Collected material -
· · · ·

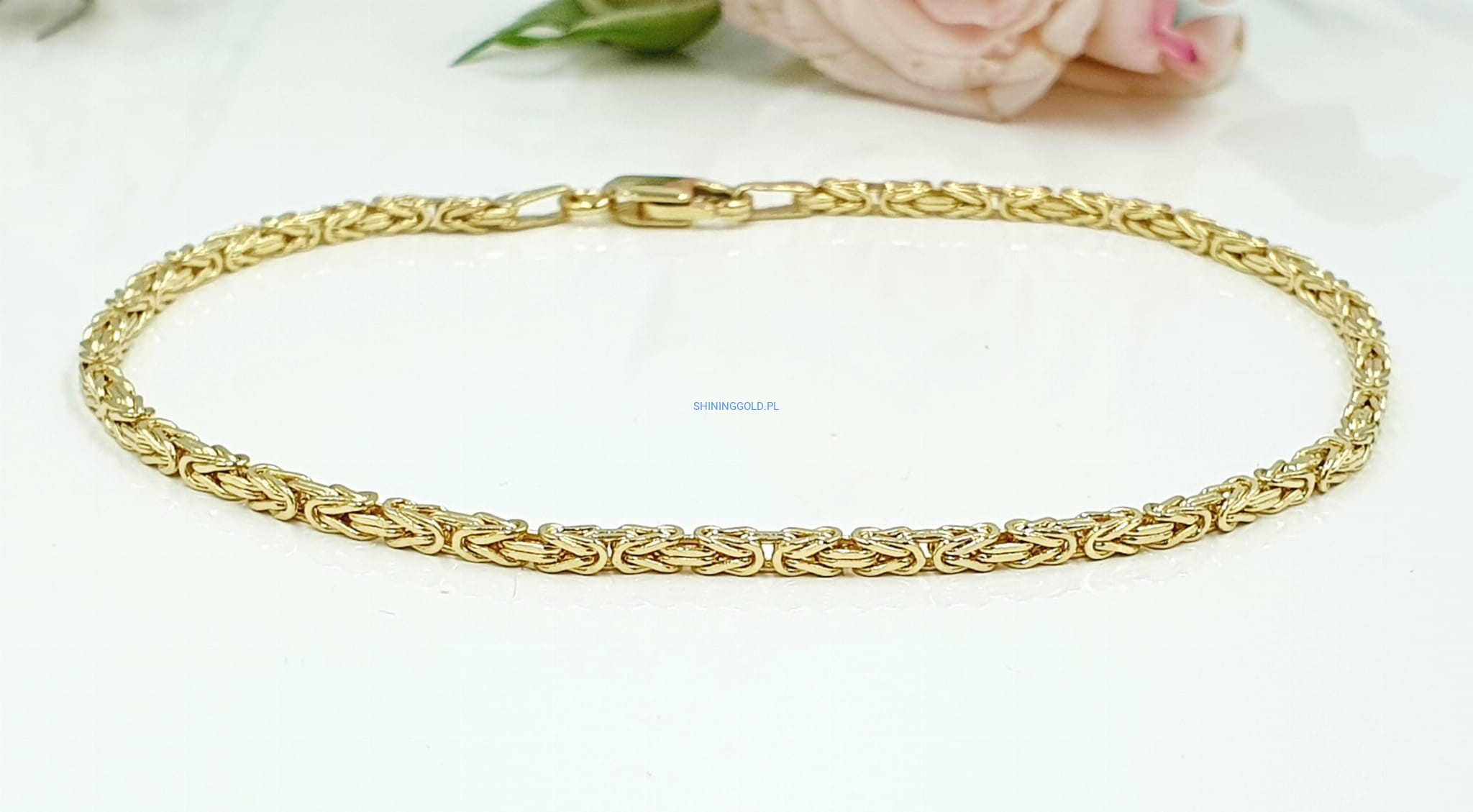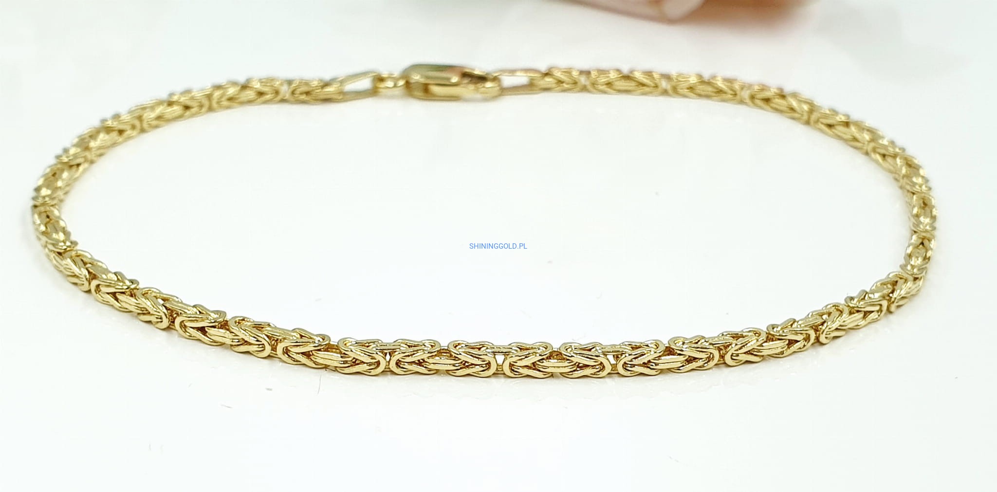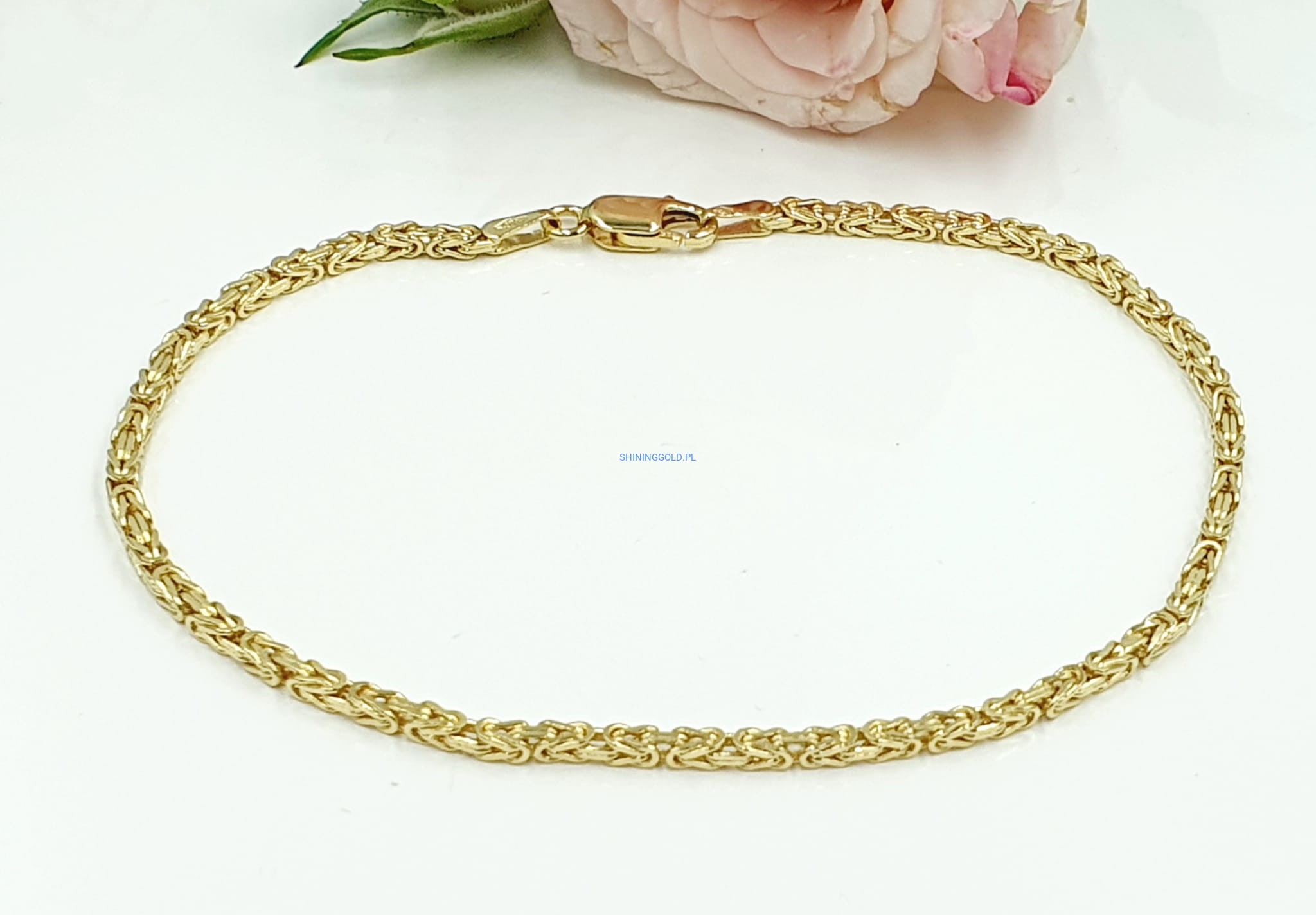 Elegancka złota bransoletka wykonana z wysokiej jakości złota próby 585 w wyjątkowym, klasycznym splocie królewskim. Jej subtelna szerokość i precyzyjny wzór nadają jej ponadczasowy wygląd, idealnie komponujący się zarówno z codziennymi, jak i bardziej formalnymi stylizacjami.
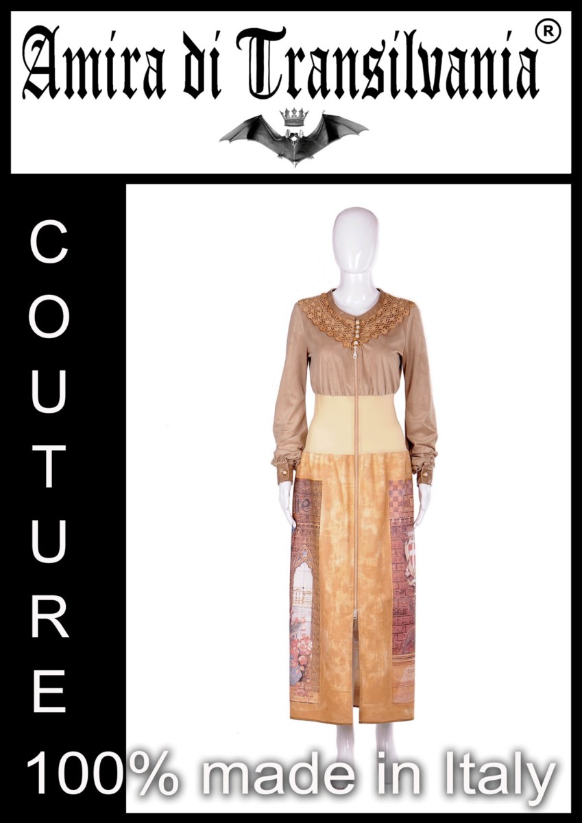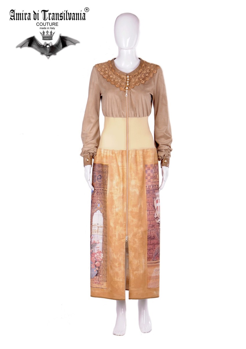 Abito couture beige in alcantara e macramè con stampa veneziana
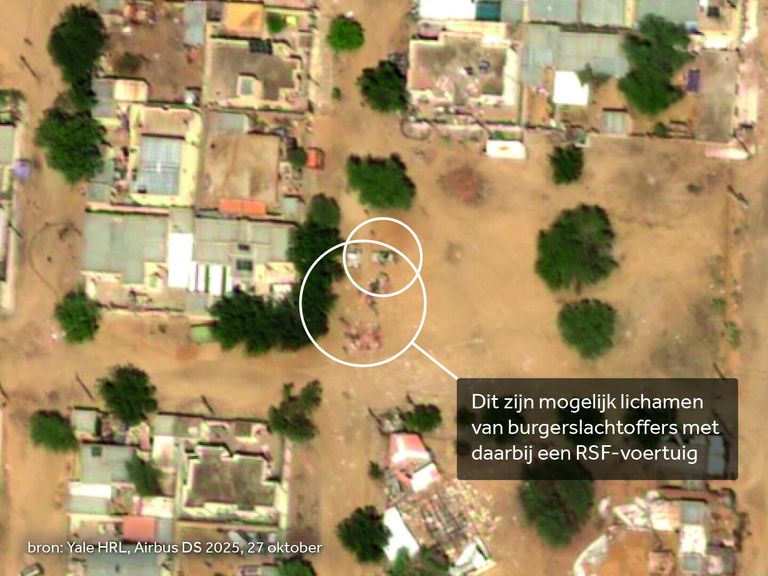 NOSOp satellietbeelden van een wijk in de Sudanese stad El-Fasher zouden burgerslachtoffers en RSF-voertuigen te zien zijn
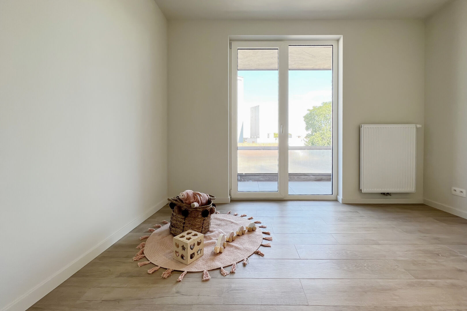 Het appartement biedt een bewoonbare oppervlakte van ca. 104,50 m² en is ingedeeld als volgt: via de inkomhal met ruime berging, heeft men toegang tot de lichtrijke leefruimte met zit- en eetgedeelte en de geïnstalleerde, open keuken. Via de leefruimte heeft men eveneens toegang tot de badkamer, voorzien van een inloopdouche en dubbele lavabo, een apart toilet en twee ruime slaapkamers. Tot slot zijn er nog 2 terrassen, één vooraan met zicht op de tolpoortstraat en één achteraan met zicht op de site van Liv De Molens, met zijn hoogstaande architectuur en ruime aanbod aan binnentuinen en waterpartijen.

· · · ·

Problem details - Repeat the listing above from its first line through the line that contains "NOSOp satellietbeelden van", both included, and nothing more. Drop the pictures.

Completed exercise -
 Elegancka złota bransoletka wykonana z wysokiej jakości złota próby 585 w wyjątkowym, klasycznym splocie królewskim. Jej subtelna szerokość i precyzyjny wzór nadają jej ponadczasowy wygląd, idealnie komponujący się zarówno z codziennymi, jak i bardziej formalnymi stylizacjami.
 Abito couture beige in alcantara e macramè con stampa veneziana
 NOSOp satellietbeelden van een wijk in de Sudanese stad El-Fasher zouden burgerslachtoffers en RSF-voertuigen te zien zijn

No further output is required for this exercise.